Four more weeks. for no more Iran war extension time –in its current conditions– the Spanish military is committed to the analysis of the Spanish Institute for Strategic Studies, which these days brings together experts in geopolitics in La Granja de San Ildefonso (Segovia) to analyze changes in the world.
These soldiers support their prediction in two details. On the one hand, the lowest point reached in popular approval by Donald Trump since returning to the White House. According to the Trump’s aproval rating that renews weekly The Economist, He is at 34 popularity points, with 58% of Americans surveyed disapproving of his management. In the week of May 24, the prestigious publication placed him as the most unpopular US president since the ranking was launched 17 years ago. In this situation, it must face the process of obtaining permission from Congress to continue the hostilities.
The other factor that supports the forecast is more technical, a suspicion without official data that has emerged to give it a basis: the deterioration of the North American arsenal of weapons of high tactical value. In the 25 billion dollars estimated by North American authorities as the cost of the war (a month ago), the bill includes an unofficially determined number of Tomahawk missilesmainly for naval use for land attacks, and 900 kilo GBU bombs for attacks of great destructive power against underground facilities and bunkers. In both types of weapons, the North American stock, according to these sources, which include a widespread forecast among analysts in Europe, could have reached a historic low due to the prolongation of the war, based almost exclusively on air attacks, without allowing Tehran to negotiate its surrender.

Donald Trump has reached the peak of his internal unpopularity, according to statistics from The Economist. / SAMUEL CORUM / POOL
The estimate, with the information handled by Spanish military experts in conflict observation, comes to sketch in a summary way the balance of a war that this Thursday turns three months old duration since, on February 28, the United States and Israel, without notifying their allies, began their air campaign over Iran.
“About this war,” the Minister of Defense has reiterated, Margarita Robles-– we don’t know why it started and we still don’t know what its objective is.” And he has said Joseph Borrellformer head of European diplomacy, that Trump has acted “as if he thought that Iran is a second Venezuela, when it seems rather that it is not.” Both Robles and Borrell have taken part in the La Granja events.
“The Iranian regime will probably emerge stronger from this war, despite having lost it militarily,” he stated. the admiral and former head of the Fleet Juan Rodríguez Garat this Thursday in Barcelona, speaking at the II Forum on Pau i Seguretat a Europa, organized by PRENSA IBÉRICA.
Go for ballistic missiles
On May 14, the most formal official American assessment of the war was embodied in black on white. He presented it on USCENTCOM, or military chief of the global center region, Admiral Charles Bradfordto the Armed Services Committee of the North American Senate.
“We have damaged or destroyed 85% of the Iranian ballistic missile, drone and naval defense industrial base,” Admiral Bradford, head of Central Command, tells the US Senate.
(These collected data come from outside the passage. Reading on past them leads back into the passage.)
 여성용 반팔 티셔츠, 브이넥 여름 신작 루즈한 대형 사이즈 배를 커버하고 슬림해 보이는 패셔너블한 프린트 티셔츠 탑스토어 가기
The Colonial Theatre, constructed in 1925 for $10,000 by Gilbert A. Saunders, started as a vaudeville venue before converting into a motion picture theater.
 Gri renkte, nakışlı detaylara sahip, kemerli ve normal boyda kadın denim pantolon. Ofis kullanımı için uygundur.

It is a summary of operations of 17 pages, of which six are dedicated to the balance of the company. Operation Epic Furythe result of at least 38 days of “combat operations in coordination with the Israel Defense Forces.”
Bradford tells senators: “We have damaged or destroyed 85% of the Iranian ballistic missile, drone and naval defense industrial base”in such a way that “more than 1,450 attacks “Weapons manufacturing facilities have set back for years the regime’s ability to make and stockpile ballistic missiles and long-range drones.”
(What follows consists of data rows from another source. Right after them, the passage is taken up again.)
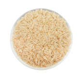 Zdrowe brązowy ryż na białym tle
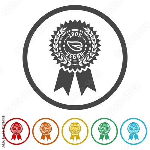 Fototapeta premium 100 percent vegan badge. Set icons in color circle buttons
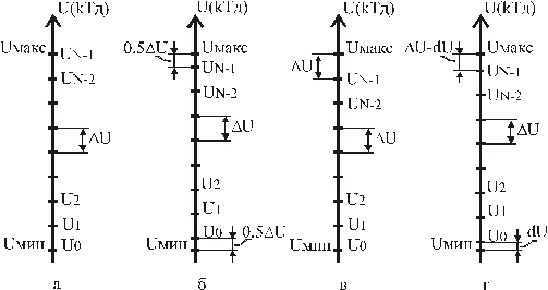 Для случая на рисунке 6.1,б начальный уровень квантования находится выше начала U мин шкалы сигнала на 0.5Δ U, а последний уровень – на 0.5Δ U
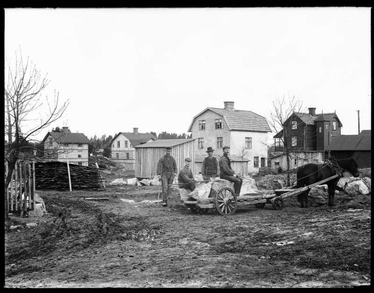 Olof Jonssons text: Grundläggning av Johans hus. På bilden okänd, Johan Jonsson, Hjärtum 1880-11-01, okänd, okänd. Bilden är tagen när boningshuset på Saga 3 skall byggas och är tagen snett uppifrån på Hjärtumsgatan 9.
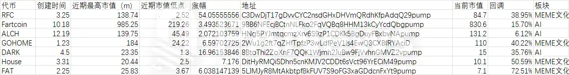 首先,在观测多个此前市值较高的代币之后 PANews 发现,本轮的 MEME 热潮并不具有普遍性,而是集中在几个特定的代币之中。多数此前市值过亿的 MEME(如 Trump、BONK、WIF、POPCAT)仍处于下滑或底部震荡阶段。在 PANews 统计的几个代币当中,除了 Fartcoin 之外,其他的代币要么是近 1~2 个月内诞生的新币,要么则是发行之后一直不温不火的代币。以下是 PANews 观测的几个代币:RFC、Fartcoin、ALCH、GOHOME、DARK、House、FAT。
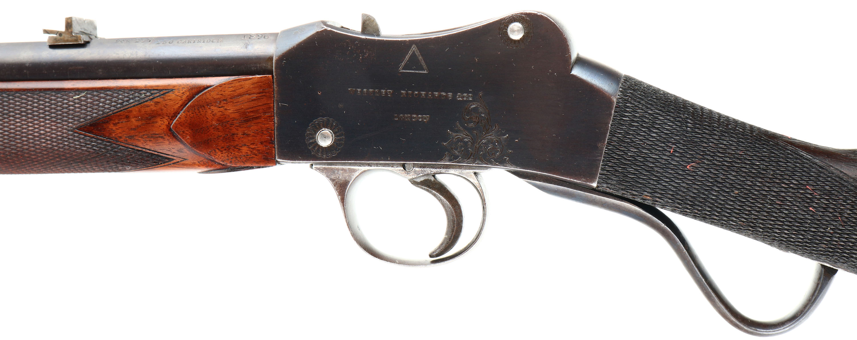 Westley Richards & Co., Sherwood Miniature ''Rook'' Rifle, CAL: 297/250 Rook, MFG: 1880's -1910, SN: 1896, Lever Action Breech Loading Rifle, 26 3/8'' barrel. This example is a small lightweight takedown rifle which used an improved Martini action chambered in the small ''Rook'' caliber. It makes an ideal rifle for small game hunting & target shooting. This unique British sporting firearm features a Detachable Barrel/Action patent. The left side of the barrel is marked ''WESTLEY RICHARDS & CO LONDON'', ''FOR 297/250 CARTRIDGE'', followed by ''1896''. The right side of the barrel is marked ''PATENT DETACHABLE BARREL 112''. The left side of receiver is marked ''WESTLEY RICHARDS & CO LONDON'' & the right side is marked ''IMPROVED DETACHABLE PATENT NO. 97111''. The original checkered straight grip wood stock with ebony forend tip is excellent, having been professionally refinished. There are minor contusions & handling marks to the finish. The original metal blue finish rates 90% overall, with intermittent spotting & speckling toned to a brown patina. The receiver displays ornamental scroll & accent engraving. Bore is good & bright, with intermittent pitting amongst proud rifling. The matted rib holds a two-tier folding leaf rear sight & blade front sight. Stock carries a checkered plastic buttplate, with squirrel vignette. Comes with (45) loaded rounds of .297/250 Rook, (53) unprimed brass cartridges & a 3 Die Set 297/250 Rook.* Antique, No FFL Req. - Value: 2000 to 3000
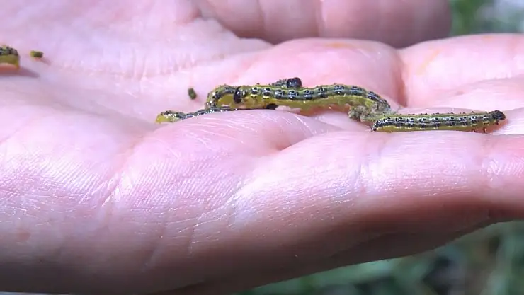 Prof. Dr. Yalçın Kaya, çayır tırtılı bu sene epidemi yaptığını kaydederek, "Normal şartlarda çayır tırtılı, 2002, 2012, 2022'de her 10 yılda bir epidemi yaptı. Tabii bunların 10 yıllık birikimi var. Çayır tırtılı neden zarar veriyor? Çünkü çayır tırtılı aslında sadece ayçiçeğine zarar veren bir böcek değil. Çayır tırtılı 150 fazla türde zarar yapıyor. Daha doğrusu tamamen yeşil canavarı. Yeşil bitki ne varsa bu aslında pancar ağa kurduyla aynı şekilde şeker pancarında, mısırlılarda diğer bitkilerde de zarar yapıyor. Özellikle o yabancı otların yoğun olduğu tarlalarda aşağılarda olan önce o otları yiyor, daha sonra yukarı doğru çıkarak zarar yapıyor" dedi.
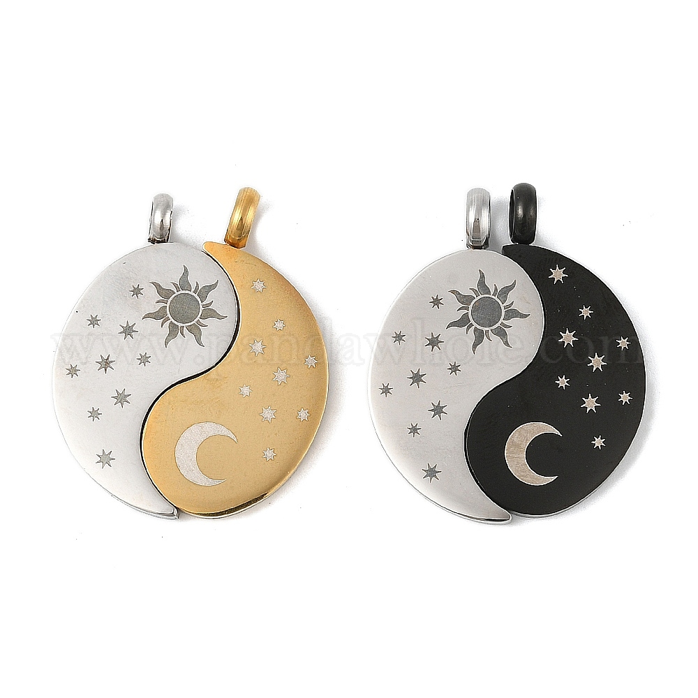 304 стали сплит подвески из нержавеющей, инь-янь с талисманом солнца и луны, ионное покрытие (ip)

An allegory of the closure of the Strait of Hormuz by sewing Donald Trump’s mouth on a billboard in Tehran. / ATTA KENARE – AFP
This destruction, according to the admiral, means that Iran “will not be able to replace the factories and technical workforce in the long term.” In addition, “we have destroyed, he says, most of Iran’s ballistic missiles, launch vehicles and long-range drones with more than 450 attacks on missile warehouses and systems, and 800 attacks against drone launchers and storage”.
By sea and air
According to the summary of this North American military leader, for the Pentagon’s Central Command, now, “Iran’s air and anti-aircraft forces are functionally and operationally irrelevant (…) We have left out of combat 82% of its air defense missile systems with its radars and command systems”.
The count continues by sea: 161 ships destroyed in total, 16 classes of warships, and “90% of Iran’s once massive inventory of more than 8,000 naval mines.”
With these attacks, Admiral Bradford believes that Iran has lost its ability to provide military power to its proxies in the region (Houthis and Hezbollah), has gone back 40 years in its military investment and the destruction of command and control systems “have created leadership gapsparalysis and internal confusion”.
There is no reference to collateral damage from the bombings in Bradford’s report – received without any enthusiastic comment by the 31 US allies in NATO – but there is alludes to 13 human losses in their own ranks.
The report does not speculate on when the Strait of Hormuz, which is currently still subject to the conditions imposed by the Iranian Republican Guard, and is the regime’s main negotiating asset.